Collection entries:
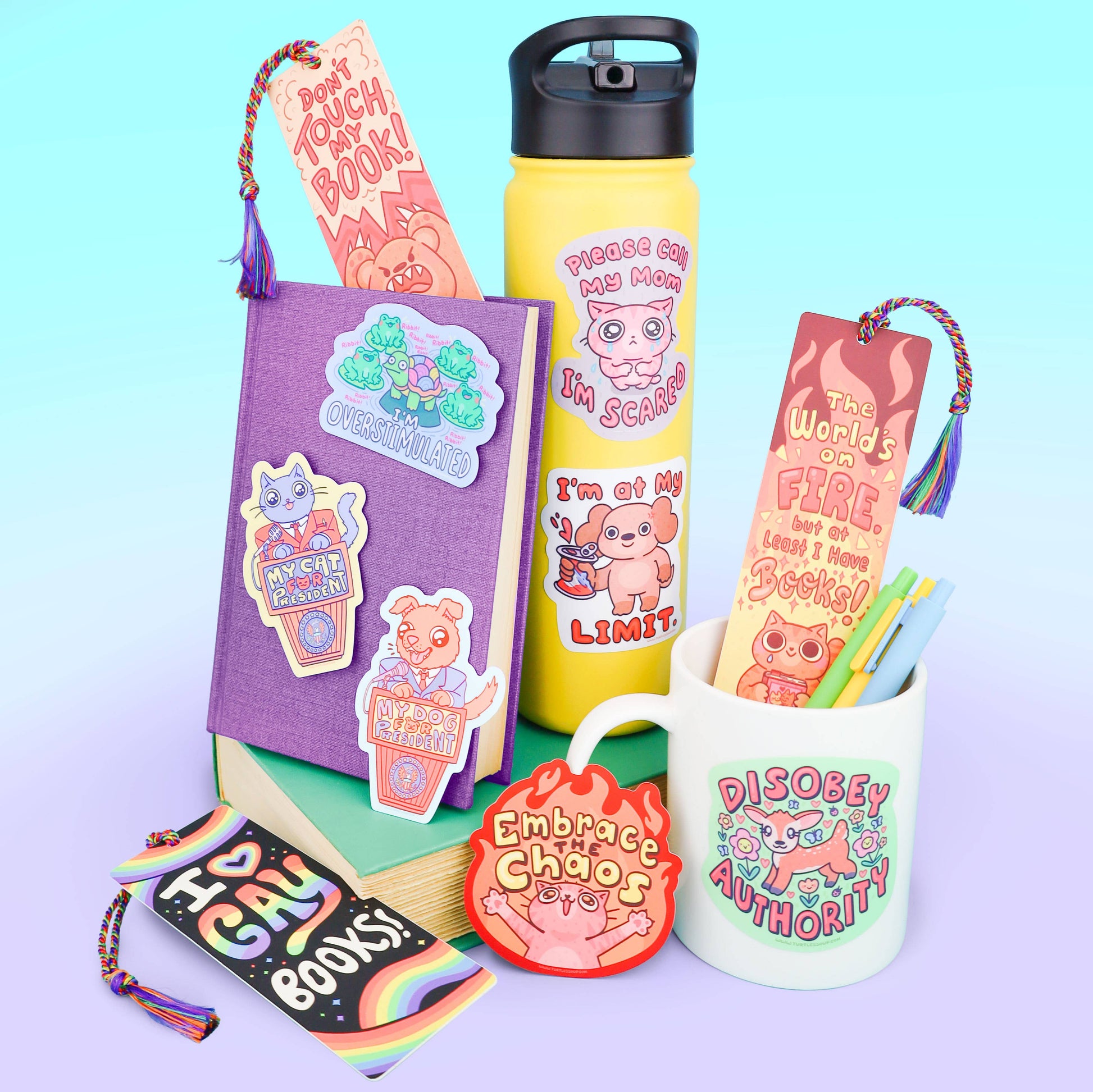 Turtle's Soup - World’s On Fire, Cat, Anxious, Bookmark with Tassel
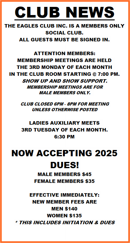 WELCOME TO THE NEW EAGLES CLUB INC. WEBSITE
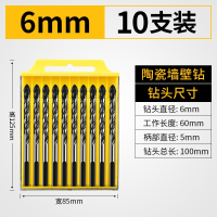 瓷砖钻头玻璃陶瓷混凝土水泥转头6mm8mm合金打孔套装手电钻三角钻 6mm一盒(十支装)
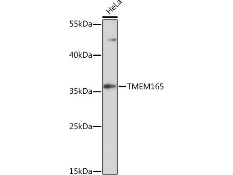 Der Kaninchen Polyklonal anti-TMEM165 Antikörper (ABIN7270956) detektiert spezifisch TMEM165 in WB.
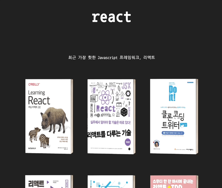 가장 중점을 두었던 3D 도서 이미지와 애니메이션!! 각 도서에 마우스를 hover 하면 저렇게 기울여진다.
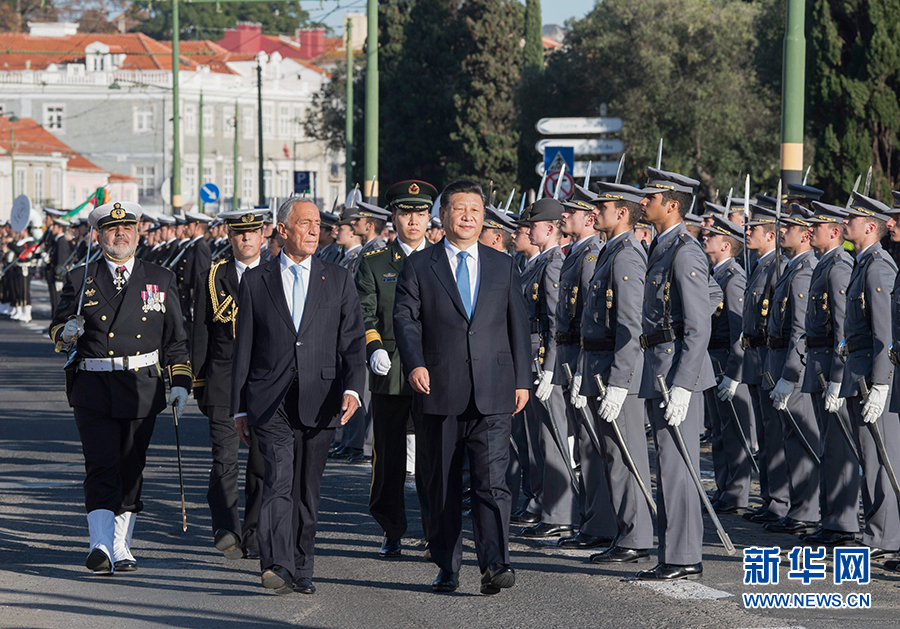 冬日的里斯本,晴空萬里、陽(yáng)光燦爛。當(dāng)?shù)貢r(shí)間4日下午,在伊比利亞半島最大的帝國(guó)廣場(chǎng)上,葡萄牙總統(tǒng)德索薩為習(xí)主席舉行隆重且富有葡萄牙特色的歡迎儀式。
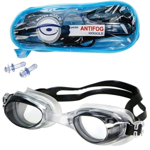 Generic - نظارات سباحة مضادة للضباب مع سدادات أذن، لون أسود
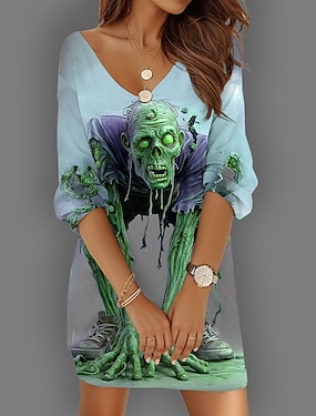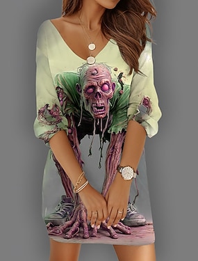 Camiseta para Mujer Gráfico de Calaveras Esqueleto Vintage Estilosa Clásica Manga Corta Cuello Redondo Tops Regulares Diario Fin De Semana Estampado Negro Otoño Invierno
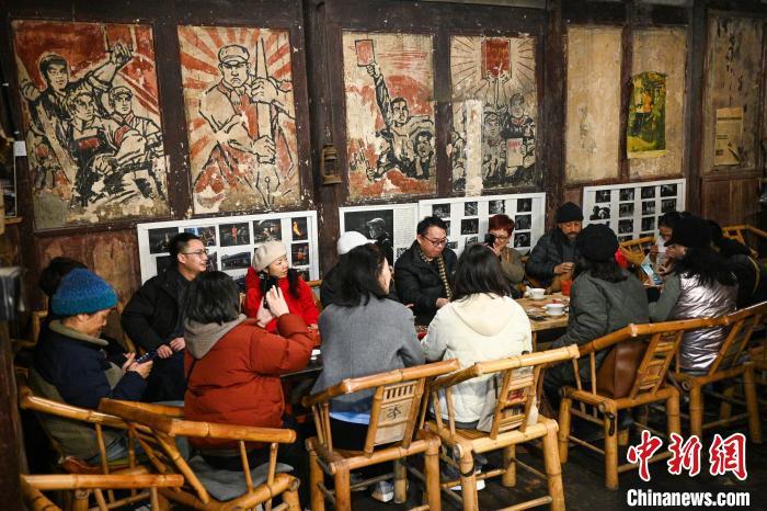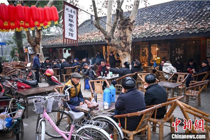 1月22日,四川成都,观音阁老茶馆内品茶聊天的茶客们。中新社记者 刘忠俊 摄
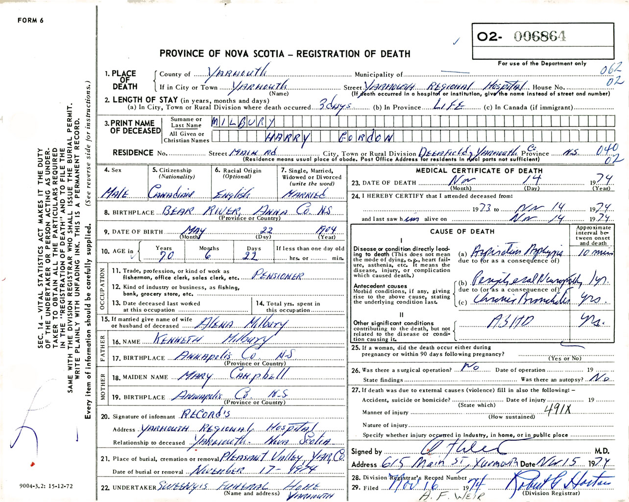 Male Death Registration: Year: 1974 number: 6864
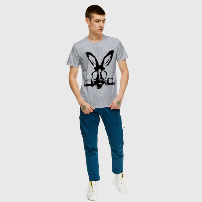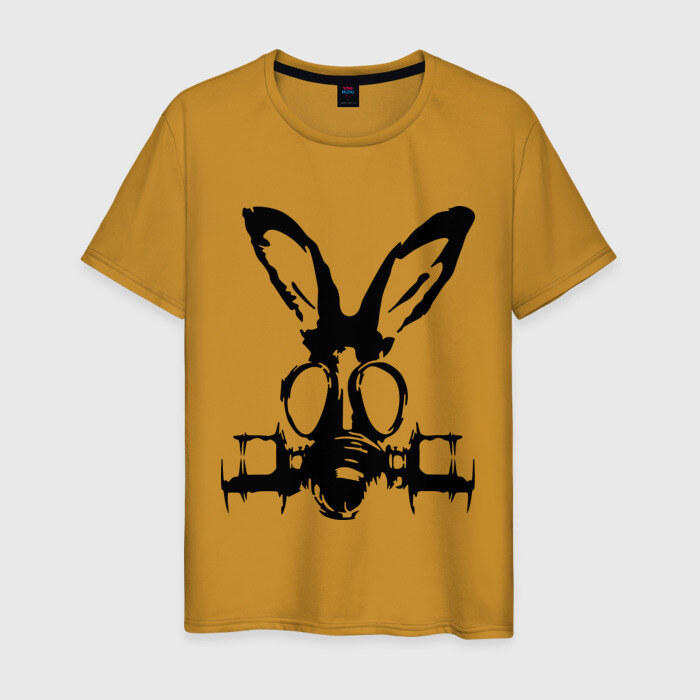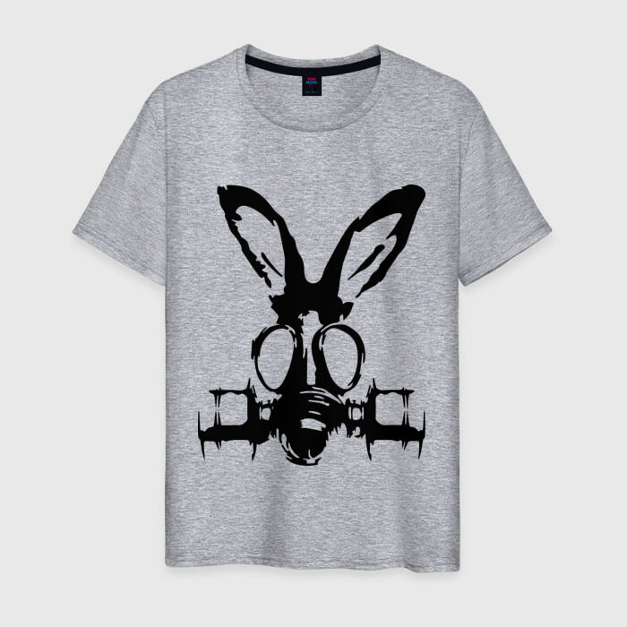 Мужская футболка хлопок с принтом Заяц в противогазе
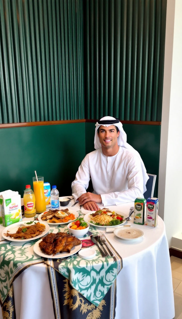 Cristiano Ronaldo sits at a round dining table in a stylish, modern restaurant, dressed in traditional Gulf attire, wearing a crisp white "thobe" and a neatly arranged white "ghutra" secured with a black "agal." His hands rest naturally on the table as he prepares to enjoy an exquisite selection of authentic Kuwaiti and Arabian dishes. The table is covered with a decorative green and white tablecloth featuring the restaurant's logo, filled with beautifully arranged Gulf cuisine, including Chicken Mandi and Lamb Mandi with tender, slow-cooked meat over fragrant spiced rice, grilled chicken with a smoky aroma, traditional sides like yogurt, spicy tomato sauce, fresh Middle Eastern salads, and beverages such as fresh orange and mango juice, along with bottled water. Additional items like branded potato chips and dairy drink cartons are also present. The stainless steel cutlery is neatly arranged, though the communal dining style encourages eating by hand, emphasizing tradition and hospitality.
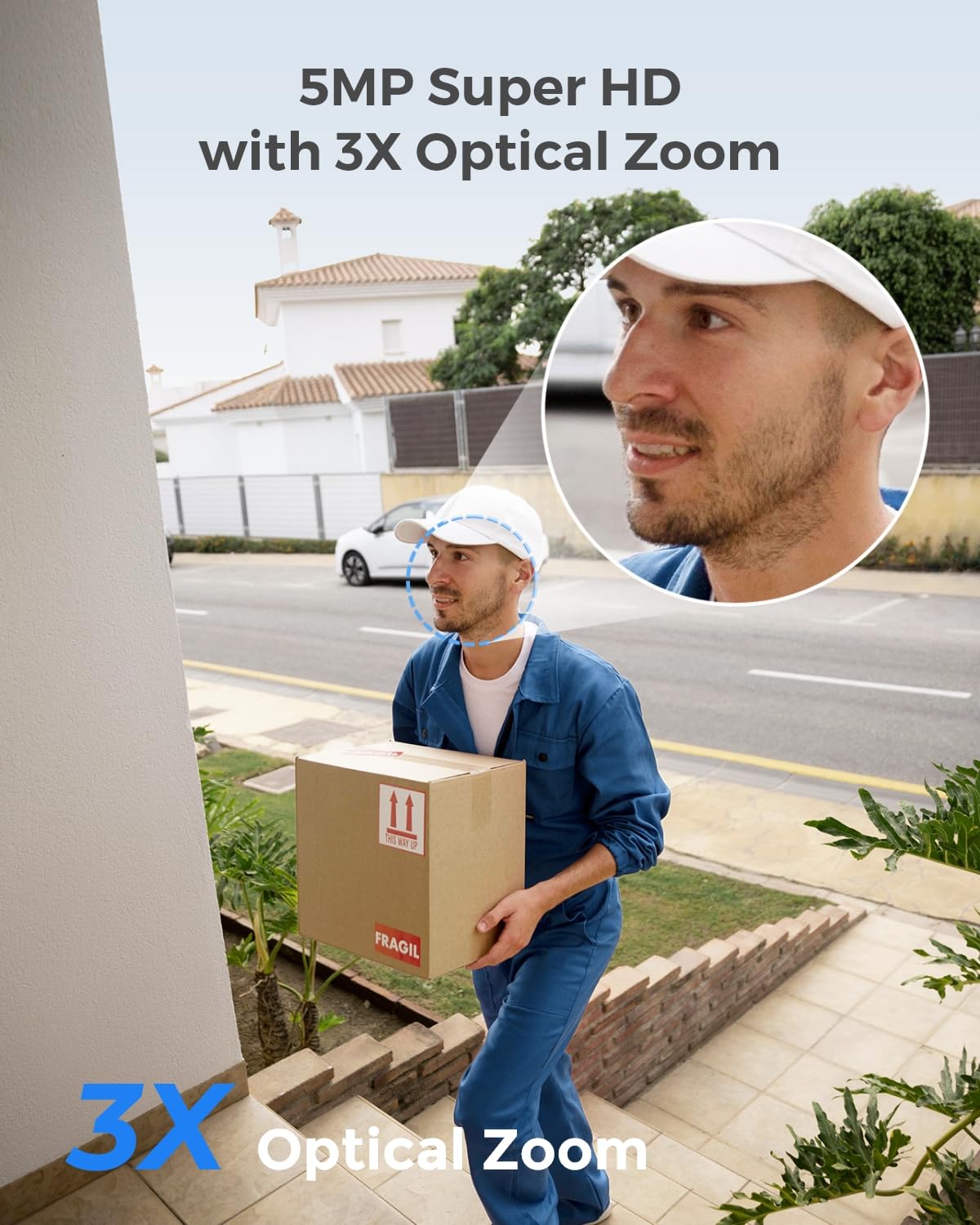 • SEE MORE DETAILS BOTH DAY AND NIGHT: Get a closer look at distant details with 3× optical zoom and illuminate the darkness with powerful spotlights for crisp, color night vision. Capture every important detail, no matter the time of day.
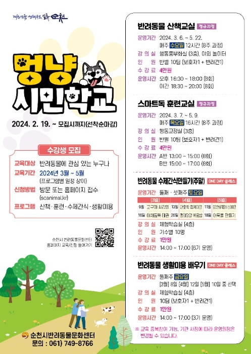 강좌 참여는 ‘순천시 반려동물문화센터 누리집에서 오는 19일부터 선착순으로 접수받을 예정이다.
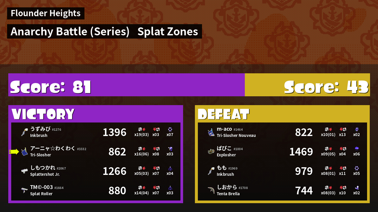 | Mode | Splat Zones - Anarchy Battle (Series) | ||
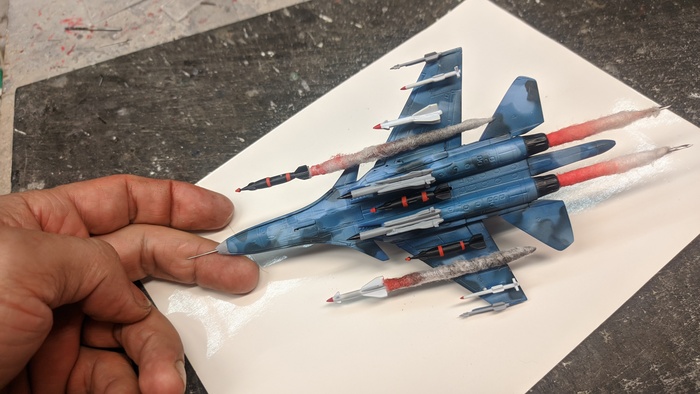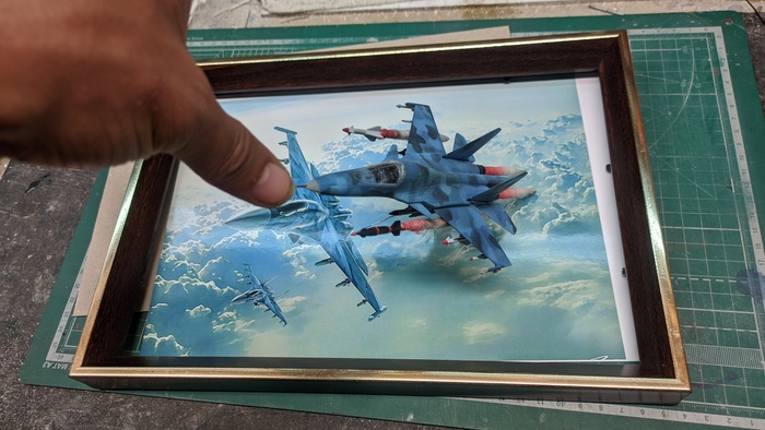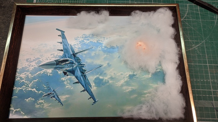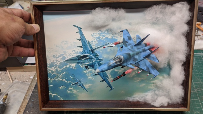 Далее всё закрепляем всякими клеями и немного подкрашиваем аэрографом облака голубым и слабо серым цветами .

▶ [Instructions for the task]: Starting at the line above that contains "Male Death Registration: Year: 1974", transcribe every line exactly through the line that contains "Мужская футболка хлопок", including that last one, and skip the pictures.

▶ [Solution]:
 Male Death Registration: Year: 1974 number: 6864
 Мужская футболка хлопок с принтом Заяц в противогазе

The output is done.